> _What to work on_: Leaving out all pictures, return exactly the lines from the one that contains "Tặng Thêm : - 01" through the end of the data below.

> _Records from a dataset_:

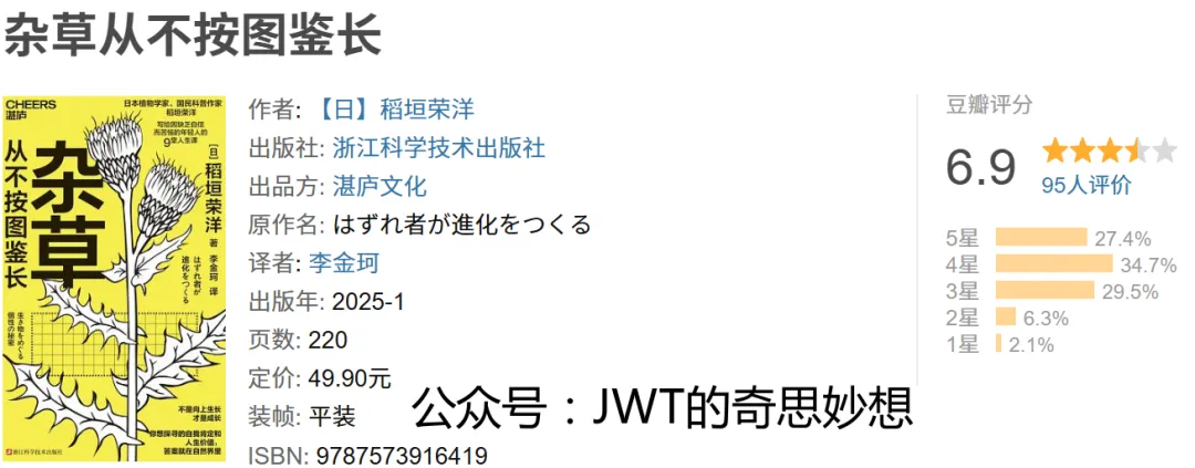 《杂草从不按图鉴长》是日本植物学家稻垣荣洋的科普作品,副标题“写给因缺少自信的‘杂草’们”揭示了本书的核心关怀。作者以“杂草”为隐喻,探讨那些偏离常规、不被主流认可的个体如何通过独特方式实现生存与进化,为那些缺乏自信的“异类”提供了一本充满希望的自然启示录。
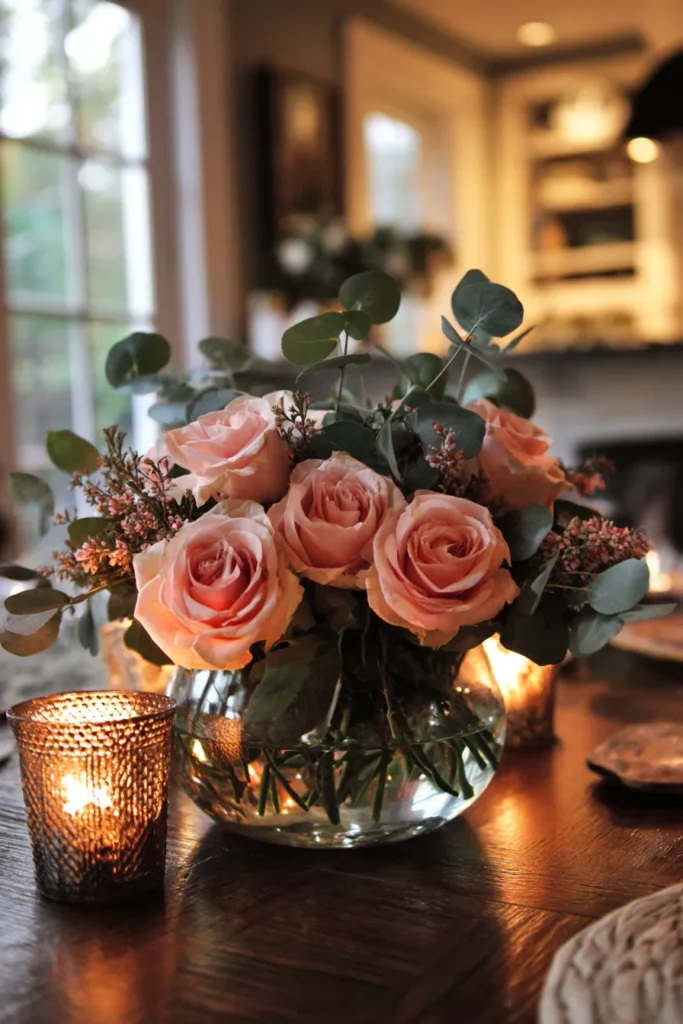 This centerpiece features soft blush roses arranged in a clear glass bowl with fresh eucalyptus leaves and delicate filler florals tucked in between. The stems are visible through the water which adds a clean and airy feel, while small candlelight nearby creates a warm glow around the arrangement. The color palette is gentle and romantic, with muted pinks and soft greens that feel perfectly suited for a spring wedding table.
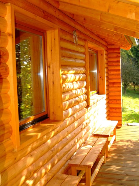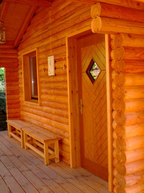 Das Blockhaus aus Eifeler Douglasie beherbergt eine großzügige Sauna. Besonders schön: die Saunagäste können den herrlichen Blick in die Landschaft auch während des Schwitzens genießen: ein großes Panoramafenster macht dies möglich.
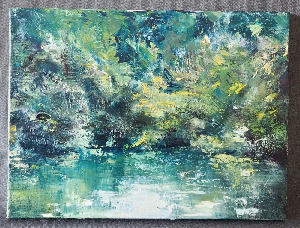Het vierde werk van Rina Odeurs in deze serie. Op de voorgrond het weerspiegelend water met de vijverplanten overgaand naar het gras en de bomen. Groenblauwe tinten wisselen af met geel licht en donker.
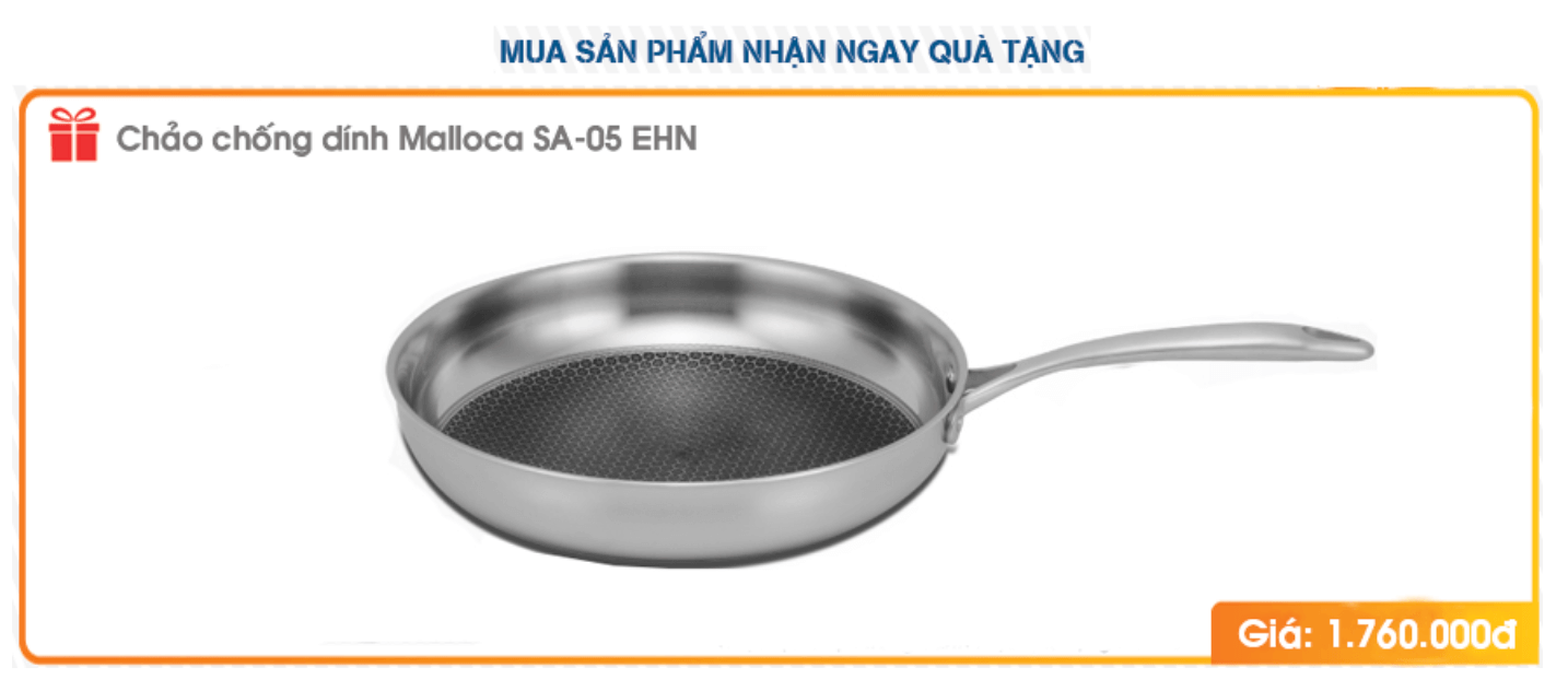 Tặng Thêm : - 01 Chảo chống dính Malloca Trị giá : 1.760.000đ - Lắp đặt miễn phí Toàn Quốc
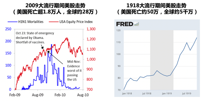 如果美国经济基本面足够健康,即使遭遇“木棒”打击,也难以造成如此严重的市场崩溃。例如2009年H1N1流感病毒在美国爆发期间,美国死亡超过1.8万人,而当时美国经济处于强力复苏阶段,股市(红线)几乎是随着死亡人数的上升(蓝线)而大涨;1918年的全球流感造成全球死亡高达约5000万人(相当于现在的1.5亿),美国死亡也高达约50万人(相当于现在的150多万人),美国道指(.DJI)也没有出现暴跌,仅是平稳之下略有波动。
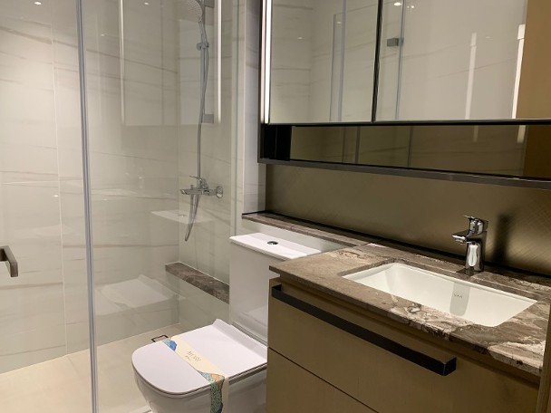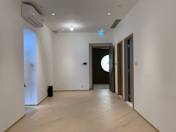 至於另一個兩房無改動示範單位,則以1座15樓F室為藍本搭建,實用面積586方呎。客飯廳外連22方呎露台,梗廚及浴室位於大門左側,主人睡房連接16方呎工作平台,並預留位置放置衣櫃。
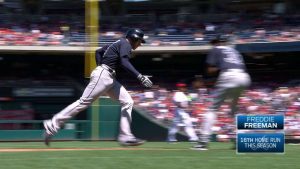 故障離脱時点で打率.341、14本塁打の好成績をマークしていたフレディ・フリーマン(ブレーブス)。戦列復帰後はチーム事情に合わせて三塁と一塁を兼任しながら、離脱前同様の強打でチームを牽引している。
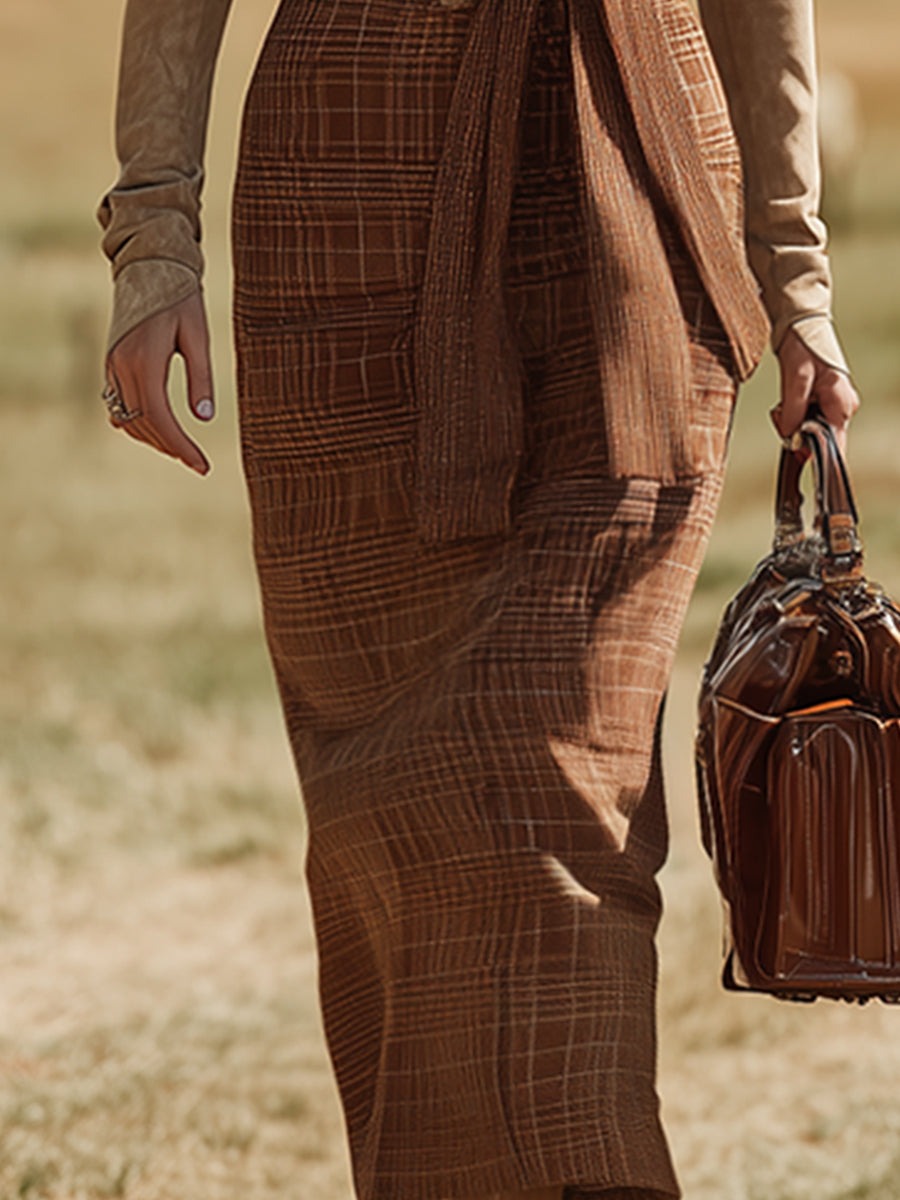 This Vintage Western Khaki Faux Suede Plaid V-Neck Maxi Dress is the perfect choice for those seeking a blend of vintage elegance and modern fashion. The comfortable fabric and slim fit make it a versatile addition to any wardrobe, perfect for everything from casual get-togethers to formal occasions.

> _Solution to the exercise_:
 Tặng Thêm : - 01 Chảo chống dính Malloca Trị giá : 1.760.000đ - Lắp đặt miễn phí Toàn Quốc
 如果美国经济基本面足够健康,即使遭遇“木棒”打击,也难以造成如此严重的市场崩溃。例如2009年H1N1流感病毒在美国爆发期间,美国死亡超过1.8万人,而当时美国经济处于强力复苏阶段,股市(红线)几乎是随着死亡人数的上升(蓝线)而大涨;1918年的全球流感造成全球死亡高达约5000万人(相当于现在的1.5亿),美国死亡也高达约50万人(相当于现在的150多万人),美国道指(.DJI)也没有出现暴跌,仅是平稳之下略有波动。
 至於另一個兩房無改動示範單位,則以1座15樓F室為藍本搭建,實用面積586方呎。客飯廳外連22方呎露台,梗廚及浴室位於大門左側,主人睡房連接16方呎工作平台,並預留位置放置衣櫃。
 故障離脱時点で打率.341、14本塁打の好成績をマークしていたフレディ・フリーマン(ブレーブス)。戦列復帰後はチーム事情に合わせて三塁と一塁を兼任しながら、離脱前同様の強打でチームを牽引している。
 This Vintage Western Khaki Faux Suede Plaid V-Neck Maxi Dress is the perfect choice for those seeking a blend of vintage elegance and modern fashion. The comfortable fabric and slim fit make it a versatile addition to any wardrobe, perfect for everything from casual get-togethers to formal occasions.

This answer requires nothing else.